Image of NGC 4993 courtesy of ESO/A. Grado
Yesterday, it was announced that, for the first time, a gravitational wave source in the sky had also been detected with ordinary telescopes; in other words, scientists for the first time measured both gravitational waves and electromagnetic waves produced by a single event.
The event was the merger of two neutron stars, which had been slowly spiralling toward each other for millions (probably billions) of years. The masses of the neutron stars aren't known precisely, but one was slightly more massive (1.4 - 2.3 solar masses) than the other (0.9 - 1.4 solar masses). When they merged, their violent coalescence produced both a "chirp" of gravitational waves and a burst of gamma rays -- followed by several weeks of radio, optical and X-rays produced by the ejection of roughly 0.05 solar masses of very hot gas.

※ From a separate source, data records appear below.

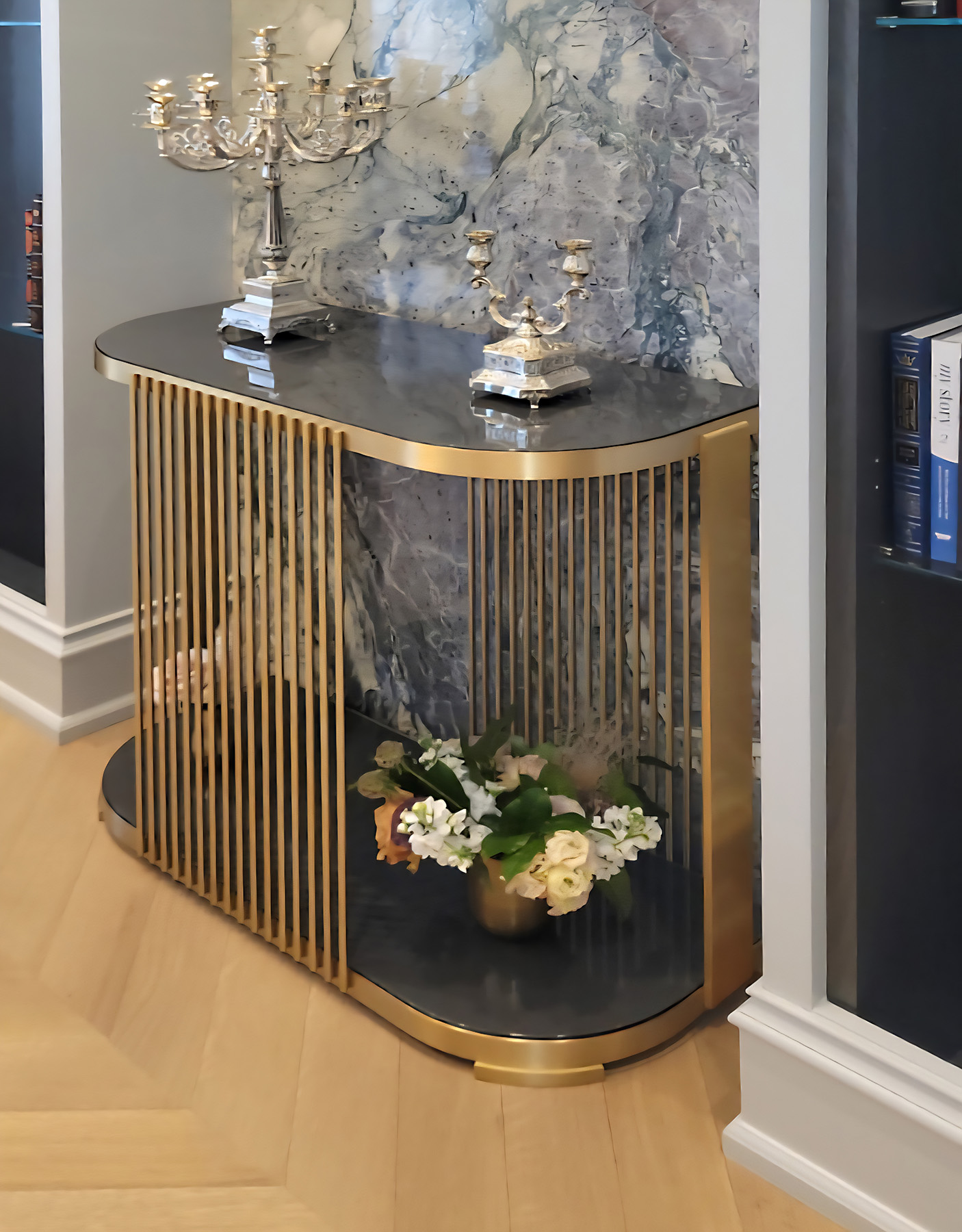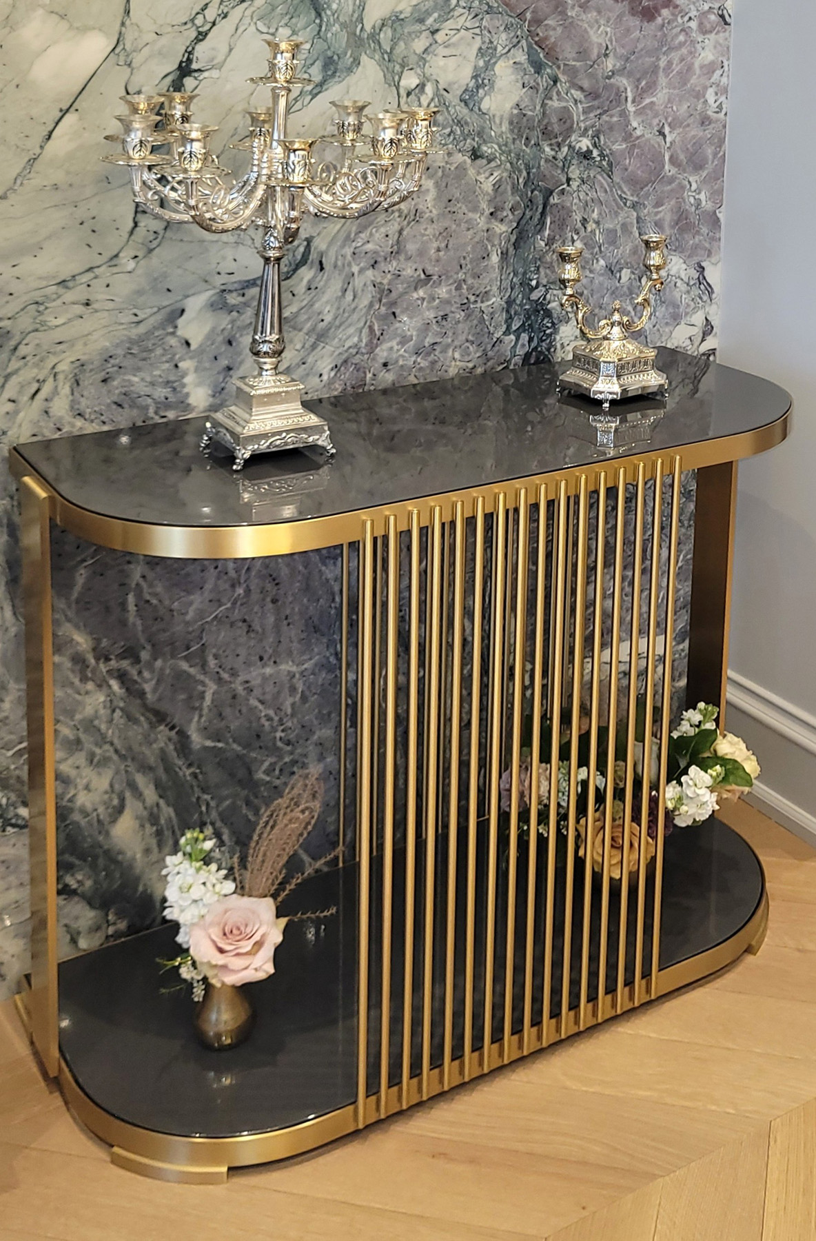 This Open, Radius Corner Two-Level Dining Room Wall Console was Custom Fabricated in Brass and features Two Shelf Surfaces in Reverse Painted Glass.
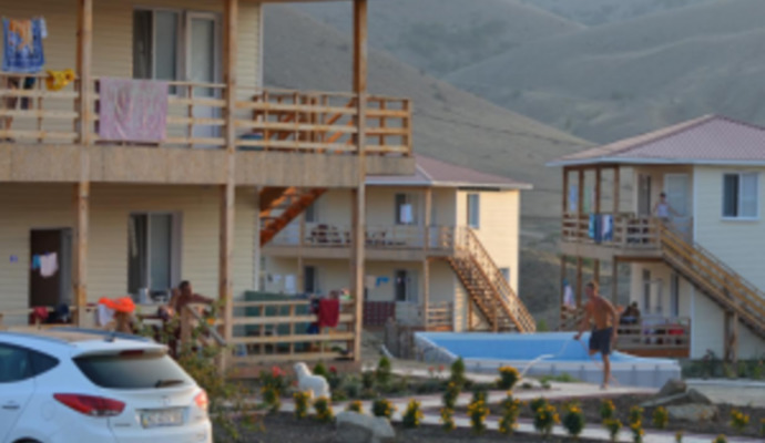 Отдыхающие располагаются: в новых двухэтажных домиках, в двухместных и четырехместных номерах. В номерах расположены кровати, шкаф, тумбочки, вентилятор, холодильник (в 4-х местном номере). Для 2-х местных номеров – холодильники на этаже. В доме на 1-ом этаже – четыре 2-х местных номера, на 2-ом этаже – два 4-х местных номера. На каждом этаже – терраса размером 2,5м. х 8,9м., на которой для каждой комнаты имеются столы и стулья. Дома с видом на море (до моря 50-100м.).
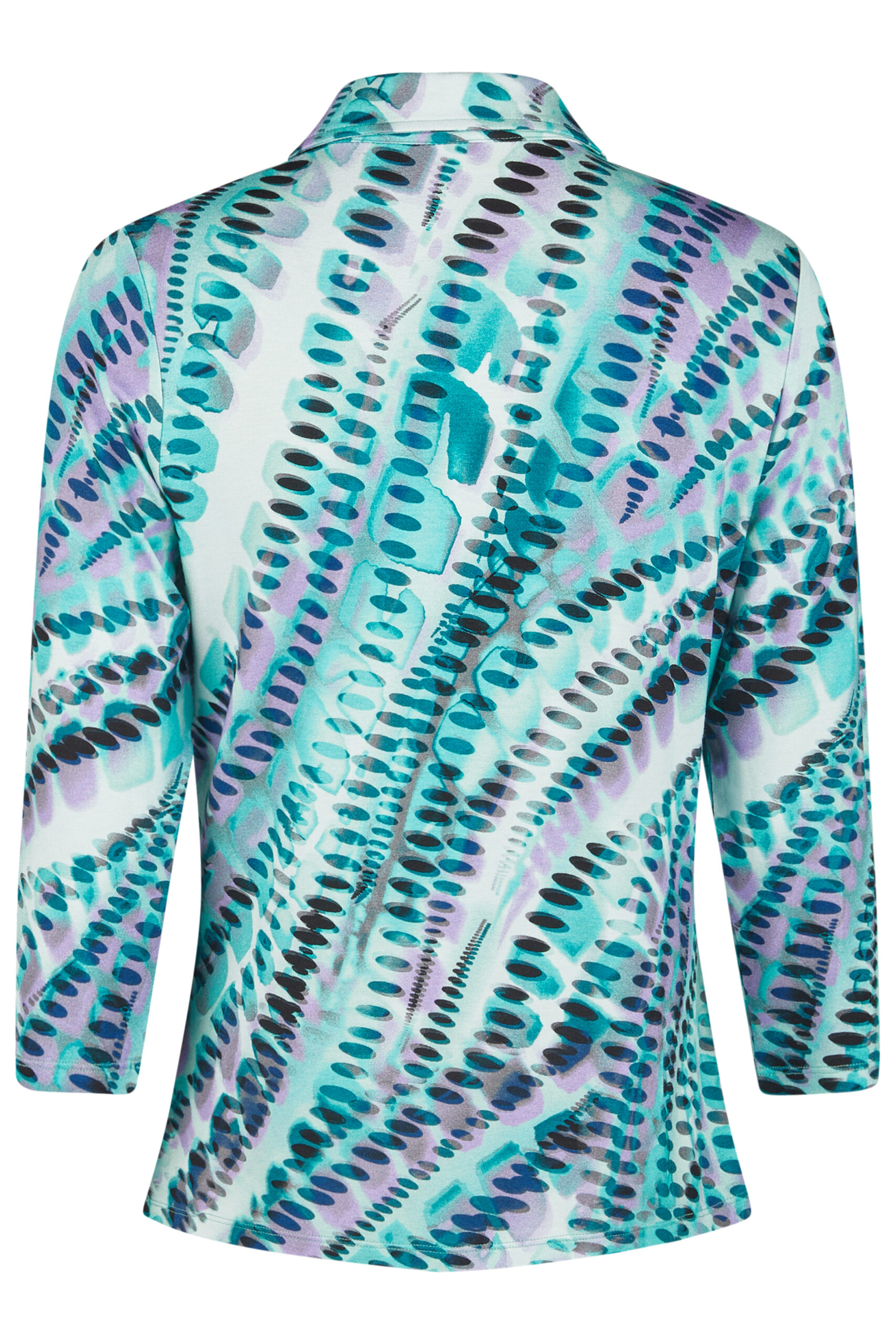 Zielono-fioletowe wzory sprawiają, że bluzka jest zarówno stonowana, jak i pełna energii. Kolorystyka jest wystarczająco uniwersalna, by pasować do różnych stylizacji, od casualowych po bardziej eleganckie.

The gravitational wave signal peaked at UT 2017 Aug 17, 12:41:04. In space, the Fermi satellite's Gamma-ray Burst Monitor detected a flash of gamma rays at UT 2017 Aug 17, 12:41:06.
Q: Assuming that the gamma rays were created at exactly
the same time as the gravitational waves,
what is the difference in arrival time?
Astronomers have identified the host galaxy of this event as a galaxy called NGC 4993:
Image of NGC 4993 courtesy of
ESO/A. Grado
Image of NGC 4993 and GW 170817 courtesy of
NASA and ESA. Acknowledgment: N. Tanvir (U. Leicester), A. Levan (U. Warwick), and A. Fruchter and O. Fox (STScI)
which is roughly 130 million light years from Earth.
Q: How many seconds does it take light to travel
from this galaxy to the Earth?
Q: What is the percentage difference between the
speed of gravitational waves and the speed of light?